OPTION GRANTS IN LAST FISCAL YEAR
 
    No options were granted to any of the Named Executive Officers during the
fiscal year ended January 31, 1999.
 
                         AGGREGATED OPTION EXERCISES IN
               LAST FISCAL YEAR AND FISCAL YEAR-END OPTION VALUES
 
    The following table sets forth, for each of the identified Named Executive
Officers, information concerning the number of shares received during the fiscal
year ended January 31, 1999 upon exercise and the aggregate dollar amount
received from such exercise, as well as the number and value of securities
underlying unexercised options held on January 31, 1999. Messrs. Carreker and
Antinori neither exercised any options during the fiscal year ended January 31,
1999 nor held any options on January 31, 1999.
 
<TABLE>
<CAPTION>
                                                                       NUMBER OF SECURITIES
                                                                      UNDERLYING UNEXERCISED       VALUE OF UNEXERCISED
                                                                        OPTIONS AT FISCAL          IN-THE-MONEY OPTIONS
                                          SHARES                           YEAR-END(#)           AT FISCAL YEAR-END($)(2)
                                       ACQUIRED ON       VALUE      --------------------------  ---------------------------
NAME                                   EXERCISE (#)  REALIZED($)(1) EXERCISABLE  UNEXERCISABLE  EXERCISABLE   UNEXERCISABLE
- -------------------------------------  ------------  -------------  -----------  -------------  ------------  -------------
<S>                                    <C>           <C>            <C>          <C>            <C>           <C>
Richard L. Linting...................   $       --    $        --    $ 419,105    $    76,652   $  1,395,065   $   132,435
Wyn P. Lewis.........................      507,430      3,085,675       18,880         56,642             --            --
Royce D. Brown.......................        5,390    $    40,695       57,750         57,750        208,023            --
</TABLE>
 
- ------------------------
 
(1) Based on the difference between the option exercise price and the closing
    sales price of the Company's Common Stock as reported on the Nasdaq National
    Market on the exercise date.
 
(2) Based on the difference between the option exercise price and the closing
    sale price of $6.25 of the Company's Common Stock as reported on the Nasdaq
    National Market on January 29, 1999, the last trading day prior to the
    closing of the Company's fiscal year ended January 31, 1999, multiplied by
    the number of shares underlying the options.
 
COMPENSATION OF DIRECTORS
 
    Directors have been reimbursed for travel and other out-of-pocket expenses
in attending meetings of the Board of Directors. Employee directors have not
received compensation for their services as directors. Non-employee directors of
the Company each receive an annual retainer of $5,000, a fee of $1,250 per
meeting attended and a fee of $625 per committee meeting attended.
 
    The Company also maintains the Carreker-Antinori, Inc. Director Stock Option
Plan (the "Director Plan"). The Director Plan provides that eligible directors
of the Company may elect to receive options to purchase Common Stock in lieu of
all or a portion of their annual director's retainer and various attendance fees
and any consulting fees for consulting services rendered to the Company (the
"Fees"). Only directors of the Company who are not employees of the Company are
eligible to participate in the Director Plan.
 
    Options are granted automatically on the first trading day in any fiscal
quarter (the "Grant Date") to any eligible director who, prior to the Grant
Date, files with the committee administering the Director Plan an election to
receive a stock option in lieu of 25%, 50%, 75% or all of his Fees to be earned
in the period from the Grant Date to the end of the fiscal year. The per share
option price (the "Option Price") under the Director Plan is equal to 50% of the
fair market value of the Common Stock (the "Market Value") on the Grant Date.
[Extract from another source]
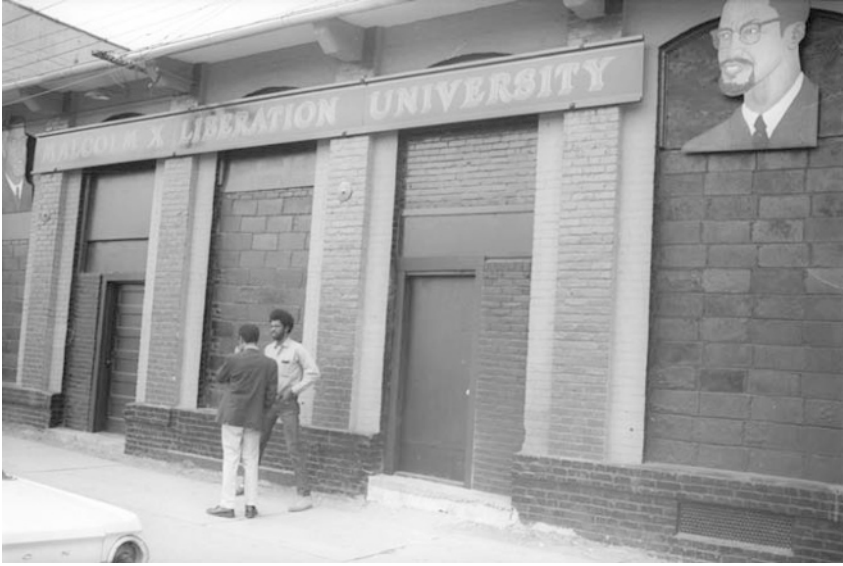
Photo 7 Howard Fuller talking to a student in front of Malcolm X Liberation University, October 1969

Nevertheless, the staffing boom had its downside. HWCUs amplified their raiding of HBCUs for professors, leading to massive turnover. Miles in Birmingham, for instance, with a faculty of sixty-one in 1969, had to replace forty-five teachers the previous three years. “Every black Ph.D. who has his name mentioned twice, or has published in the slightest review, is besieged by Northern as well as Southern white institutions—most often in response to militant, urgent and often threatening demands by their black students,” Spelman history chairman Vincent Harding explained to the New York Times in 1969. 34

"Market Value" is the fair market value of the Common Stock at the close of
business on
 
                                       10
<PAGE>
the relevant Grant Date, as reported on the Nasdaq National Market. Elections
are deemed made for each succeeding fiscal year, and options automatically
granted on the first trading day in each succeeding fiscal year, unless the
director notifies the Company of the cancellation of the election prior to the
first day of the fiscal year. The number of option shares granted to an eligible
director are determined by a formula which provides that each director will
receive an option equal to the nearest number of whole shares equivalent to the
Deferred Retainer and Fees divided by the Option Price. "Deferred Retainer and
Fees" are the amounts the director would have been entitled to receive (i) for
serving as a director and attending all regularly scheduled meetings of the
Board of Directors and (ii) for serving as a consultant, during the remainder of
the fiscal year following the Grant Date but for the election described above.
 
    Generally, no option may be exercised prior to the first anniversary of the
date the option was granted. However, an option will become fully exercisable
upon the retirement of the director because of disability or death. In addition,
upon a merger or other business combination involving the Company, an option
will become fully exercisable unless the Company is the surviving corporation in
such merger or business combination or provision is made for the continuance and
assumption of the option. No option may be exercised after the expiration of 15
years from the date the option was granted. If the optionee ceases to be a
director or consultant before an option granted under the Director Plan becomes
exercisable, is absent from a regularly scheduled meeting, or fails to earn a
consulting fee, the option shall terminate as to a pro rata portion of the
shares subject to the option, based upon the Fees actually earned.
 
    The Company paid a fee of $9,000 to Lee Financial Corporation, a company
owned by Mr. Lee, in the fiscal year ended January 31, 1999 for investment
management services and corporate advice rendered by Mr. Lee in his capacity as
trustee of the Company's employee stock ownership plan (the "ESOP"). During the
course of the last fiscal year, David K. Sias received a total of $41,667 for
consulting services. The Company paid a fee of $2,500 to Donald L. House for
consulting services.
 
SECTION 16(A) BENEFICIAL OWNERSHIP REPORTING COMPLIANCE
 
    Section 16(a) of the Exchange Act ("Section 16 (a)") requires the Company's
officers and directors, and persons who own more than ten percent of a
registered class of the Company's equity securities, to file reports of
ownership on Form 3 and changes in ownership on Form 4 or Form 5 with the
Commission and the National Association of Securities Dealers, Inc. Such
officers, directors and ten-percent shareholders are also required by Commission
rules to furnish the Company with copies of all such forms that they file. Based
solely on its review of the copies of such forms received by the Company, or
written representations from certain reporting persons that no other reports
were required for such persons, the Company believes that during the fiscal year
ended January 31, 1999 all Section 16(a) filing requirements applicable to its
officers, directors and ten-percent shareholders were compiled with, except that
Wyn Lewis and David Sias each filed a Form 4 late.
 
COMPENSATION AND OTHER COMMITTEE INTERLOCKS AND INSIDER PARTICIPATION
 
    The Compensation Committee consists of Messrs. Fischer and Lee. The Audit
Committee consists of Messrs. James D. Carreker, House, Peck and Sias. None of
these individuals was at any time during the fiscal year ended January 31, 1999,
or any other time, an officer or employee of the Company. No member of the
Compensation Committee or Audit Committee serves as a member of the board of
directors, compensation committee or audit committee of any entity that has one
or more executive officers serving as a member of the Company's Board of
Directors, Compensation Committee or Audit Committee.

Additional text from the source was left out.